We pitched camp at a sunny meadow, then wandered around and clambered up to Pt 3554 (Zoe’s first summit!). From here we had 360-degree views of the surrounding rolling terrain and cloudscapes. Rainshowers wisped down from puffy whitey-gray clouds and swept some summits to lift a wonderful earthy-pine fragrance into the breeze. Along the way to Pt 3554 are many, many charred remains of very recent lightning strikes. Some are burnt trunks still standing upright, some are long black lines laying on the ground, some are circles of charred pine needles on the ground, and some are gaping black holes where giant taproots now consumed by the fire once grasped the earth. Most were isolated burns, but one was a continuous burn about 3 or 4 acres in size. We came across one live ponderosa that had fallen and was still burning, slowly. The flames are deep inside the trunk, slowly eating the tree.
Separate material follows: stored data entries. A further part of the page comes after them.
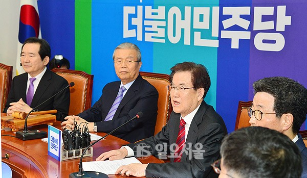 더불어민주당 김종인 비대위원장이 1일 오전 서울 여의도 국회 본청 비대위원장 회의실에서 열린 더불어성장론 정책기자회견에 참석, 강철규 유능한경제정당위원회 공동위원장의 발언을 듣고 있다.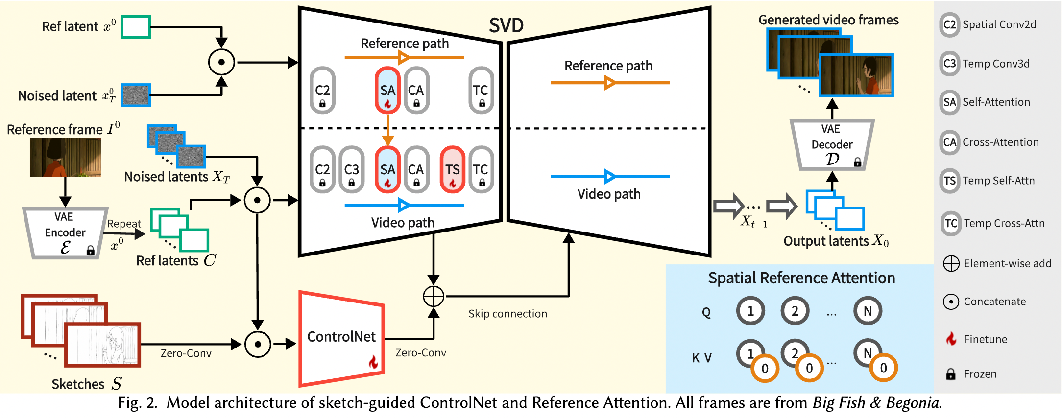 最后,使用公式 (1) 中的损失对修改后的网络进行微调,结合草图引导的 ControlNet 和参考注意力。我们更新 ControlNet 中的所有层,以及 U-Net 中的空间和时间自注意力层,如图 2 所示。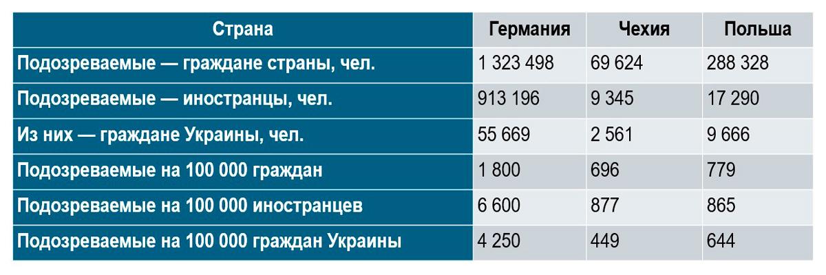 При этом уровень преступности среди украинцев выше, чем среди граждан Германии: на каждые 100 тыс. обладателей украинского паспорта приходится свыше 4 тыс. правонарушителей, тогда как среди немцев — менее 2 тыс.
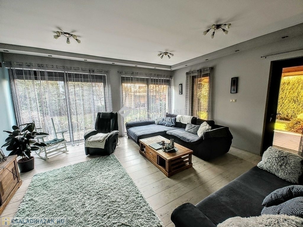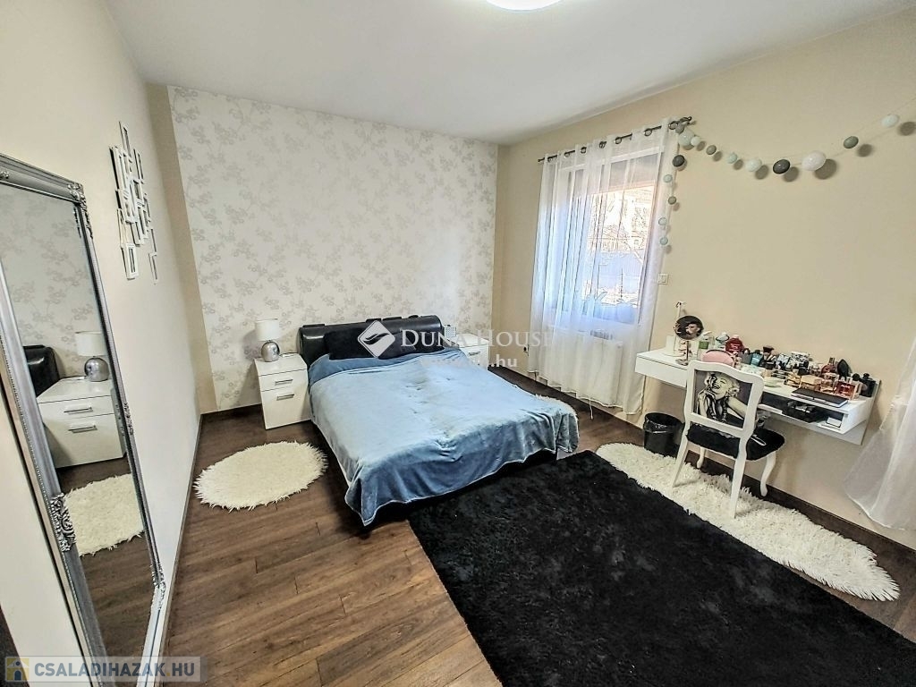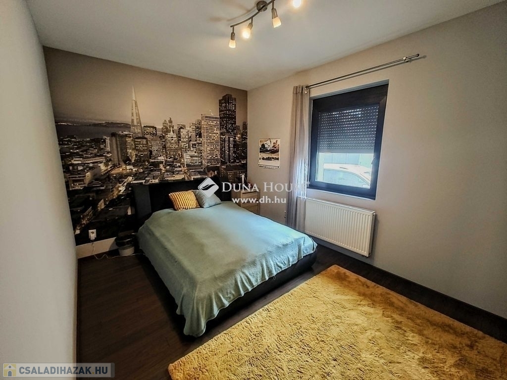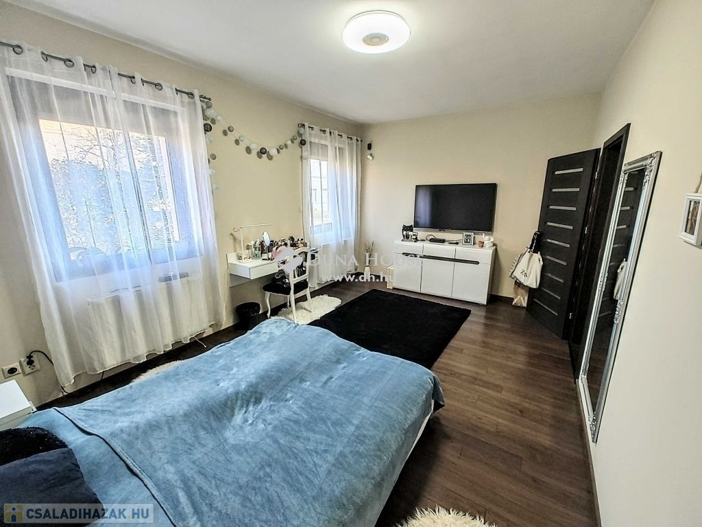 Ez a modern, 2013-ban elkészült ingatlan 160 m² lakótérrel, 40 m² fedett terasszal és 744 m² parkosított telekkel kínálja a kényelmes otthon lehetőségét. A ház építésekor korszerű anyagokat és technológiákat használtak, beleértve a modern műanyag nyílászárókat motoros alumínium redőnyökkel és szúnyoghálókkal, valamint a radiátoros és padlófűtés kombinációját, melyet kondenzációs kazán szolgál ki. Az elektromos hálózat szintén új és korszerű kialakítást kapott, az udvar pedig elektromos kapuval felszerelt.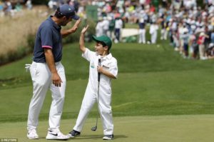 Francesco Molinari ásamt syni sínum Tommasso á Masters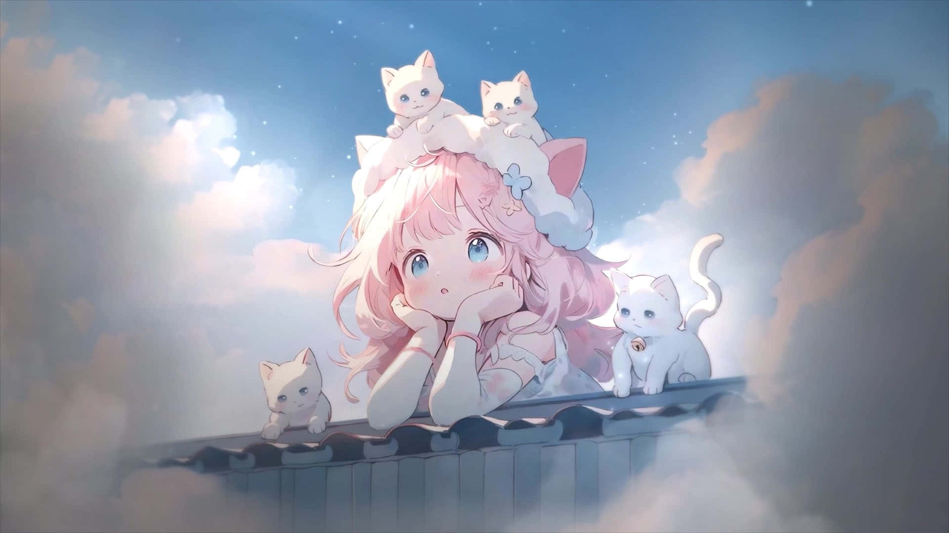 Related Dreamy Girland White Kittens Art Wallpapers
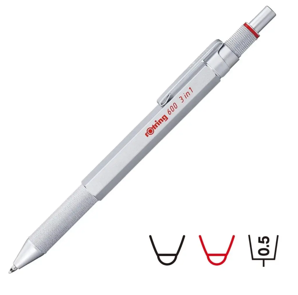 Supreme®/rOtring 600 3-in-1Multicolor pen and mechanical pencil. Includes black and red ballpoint inks with 0.5 mm mechanical pencil. Additional blue refill included.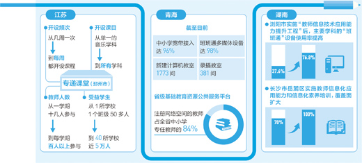 然而,要充分發(fā)揮教育信息化的優(yōu)勢,還需實現(xiàn)信息化手段從“用起來”到“用得好”轉(zhuǎn)變。這就需要依靠培訓(xùn),使教育管理部門和一線師生的信息化素養(yǎng)同步提升。 湖南多地實行四級培訓(xùn)制度:通過“國培計劃”等,培訓(xùn)中小學(xué)校長及教育主管部門人員;通過湖南省中小學(xué)教師信息技術(shù)應(yīng)用能力提升工程,培訓(xùn)信息技術(shù)骨干教師和專任骨干教師;通過組織電化教育館及高校等單位的專家學(xué)者赴基層,培訓(xùn)教育信息化基礎(chǔ)教師;培育出來的“種子教師”,為所在學(xué)校的科任教師普及教育信息化知識。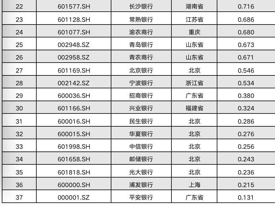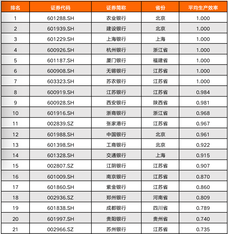 原標題: 上市商業銀行生產效率:農行、建行等排名第一
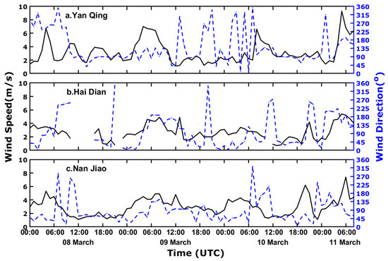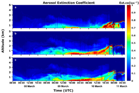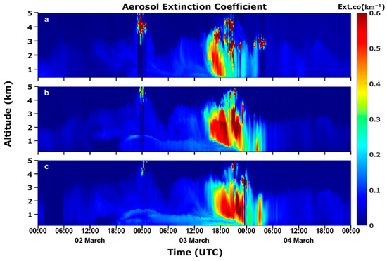 Three lidars in Beijing simultaneously monitored an aerosol pollution event from 2 to 4 March. As shown in Figure 5, the aerosol layer with an extinction coefficient of 0.6 was observed at the three stations at the same time from 15:00 to 16:00 on 3 March, indicating that there was a high concentration of pollutants entering the Beijing area at this time. The bottom of the aerosol layer in Figure 5b Haidian and Figure 5c Nanjiao were about 1 km high. Due to the high altitude of Yanqing in Figure 5a, the bottom of the aerosol layer was about 0.6 km. At 16:00, there was a low wind speed in the Beijing area (the wind speeds in the three regions of Figure 8a–c were about 2 m/s), and the aerosol layer began to sink gradually. At 0:00 on 4 March, the extinction coefficient of aerosol in Yanqing dropped to a minimum value of 0.17 . At 02:00 on 4 March, the aerosol extinction coefficients in Haidian and Nanjiao dropped to the minimum of 0.3 , indicating that the aerosol imported from outside area had settled to the ground and mixed with local aerosols. Beginning at 02:00 on 4 March, there was a relatively high wind speed near the ground in the Beijing area (the minimum wind speed in the three regions of Figure 8a–c was about 16 m/s), and the near-ground aerosol was rapidly diffused into the air; afterwards, the extinction coefficient of the aerosol in Yanqing was 0.23 . At 03:00 on 4 March, the aerosol extinction coefficients in Haidian and Nanjiao were about 0.49 , and the high wind speeds promoted the diffusion of pollutants near the ground. Then at 04:00 on 4 March, the near-ground extinction coefficient in the Beijing area reached the minimum value, about 0.09 .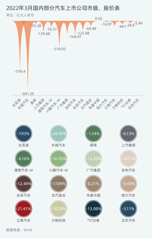 此外,長(zhǎng)城汽車(chē)(601633.SH)、江淮汽車(chē)(600418.SH)、北汽藍(lán)谷(600733.SH)和長(zhǎng)安汽車(chē)(000625.SZ)3月股價(jià)跌幅分別為24.95%、21.41%、17.89%和12.44%。其中,長(zhǎng)城汽車(chē)市值蒸發(fā)了841.39億元,成為3月A股受損最為嚴(yán)重的汽車(chē)上市公司。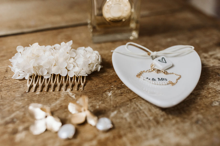 Plusieurs photos des alliances dans un mini studio quelques semaines avant le mariage.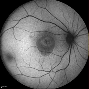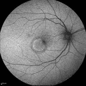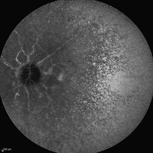 Autofluorescence imaging of the right eye of a 24-year-old woman with FEVR and visual acuity of 20/25.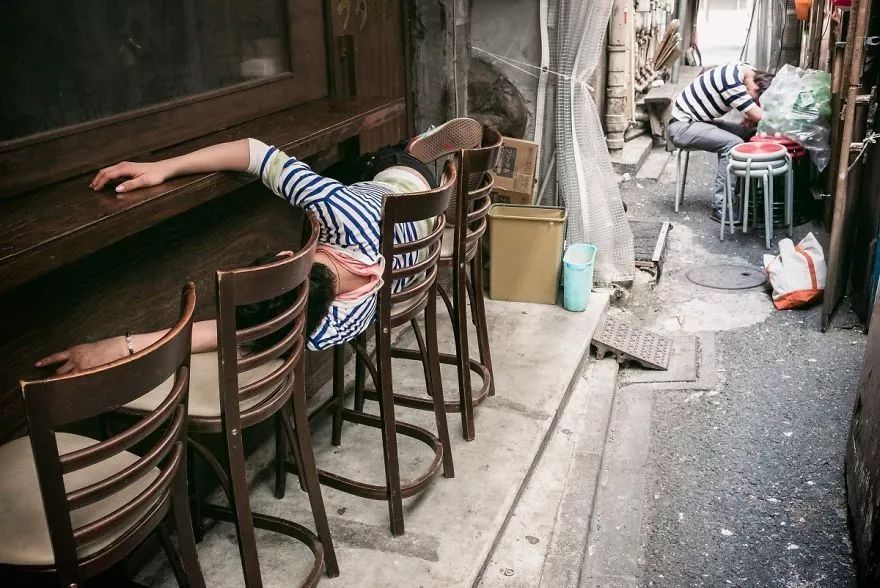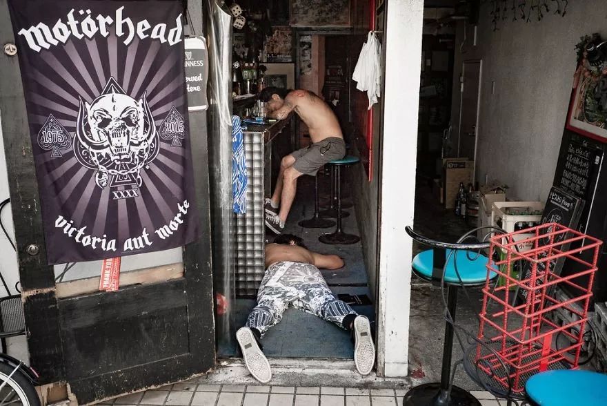 这组照片源自摄影师、Tokyo Times 的创始人 Lee Chapman。Lee 来自英国曼彻斯特,1998年来到日本,打算呆上“一到两年”,结果再也没有离开过。Lee 的作品展现了一个超乎人们想象的日本。说起日本,人们通常会想到花花绿绿的 cosplayer 和黑夜里的霓虹灯;但照片中喝的醉醺醺的人们在光天化日之下躺倒在街边,打着呼噜、衣衫不整,让人们看到了一个完全不同的日本。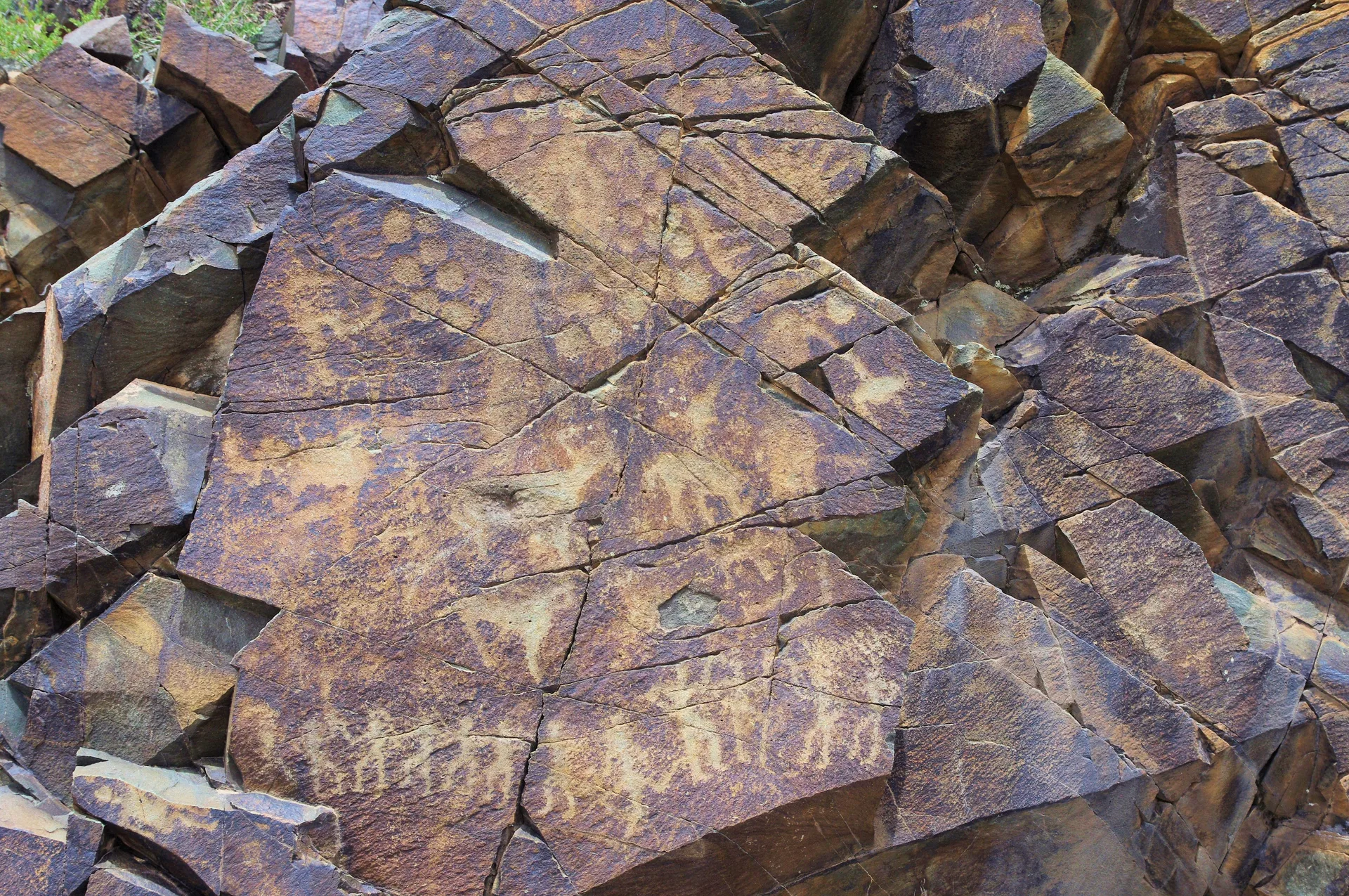 Tip: The runic graffiti is easiest to distinguish from zoomorphic imagery by its linear, angular character strokes. Carry a printed reference to Old Turkic (Orkhon) script if you want to identify individual characters. The panels are not signposted — the 2005 Baipakov et al. monograph has gorge-by-gorge plans and is the most reliable field guide.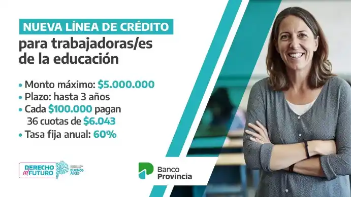 La propuesta de créditos a sola firma alcanzará a todo el personal bonaerense que forma parte de las escuelas, ya sean maestros, auxiliares o profesores. Estiman un universo de cerca de 400 mil destinatarios puedan acceder a esta financiación que tiene un monto máximo de cinco millones de pesos. Se podrá gestionar desde el home banking o en las sucursales de manera presencial y es requisito percibir haberes a través del Banco Provincia.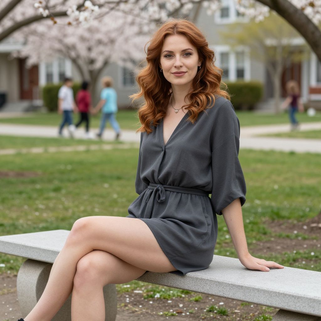 A casual woman with wavy auburn hair and a calm smile is wearing a flowing charcoal gray romper, sitting on a park bench in a green suburb neighborhood, with spring flowers blooming in the background and children playing nearby.

It could take weeks to burn, unless it snuffs out when it gets deep enough and loses oxygen (the bark isn’t burning as fast as the heart). Now for my favorite part of any trip to eastern Washington: the locals. A holiday family reunion was being had at the trailhead, and when Frank, Zoe and I returned to his rig from our night out, three older male reunion refugees strolled up to us like curious cows. They had been camping with their families for 2 full days and were ready for sumpin’ different to do. That’s where we came in handy. Because of their leisurely stride and their slow, easy speech, Frank and I pretty much figured we were in for the long haul. So we gladly put the tailgate down, took a long draw off the soda bottles we had stashed in an ice chest, leaned back on the rig, and settled in. Sure enough, we chatted with these wonderful men and their elderly pop for more than an hour. The father had helped to build Grand Coulee and Rocky Reach Dams, and had also been on the blasting crew for the tunnel underneath Snow Lakes (Enchantments). His sons were clearly proud of their dad, as evidenced by their encouraging remarks to his stories. A wonderful time was had by all.
If you go: Take water with you! There is no river access from the trail, and none available until you get to Cougar Creek where the trail crosses Road 2054. Luckily you don’t have to go far to find wonderful views and places to pitch camp. Please disperse any evidence of your camp like those before you had done. The ranger indicated this is cougar country. We saw none, probably because they moved away from the very recent lightning strikes near our camp (but we did see a moose wandering the streets in the town of Republic!). Return via the ($free) Keller Ferry for an additional taste sweeping central/eastern Washington views.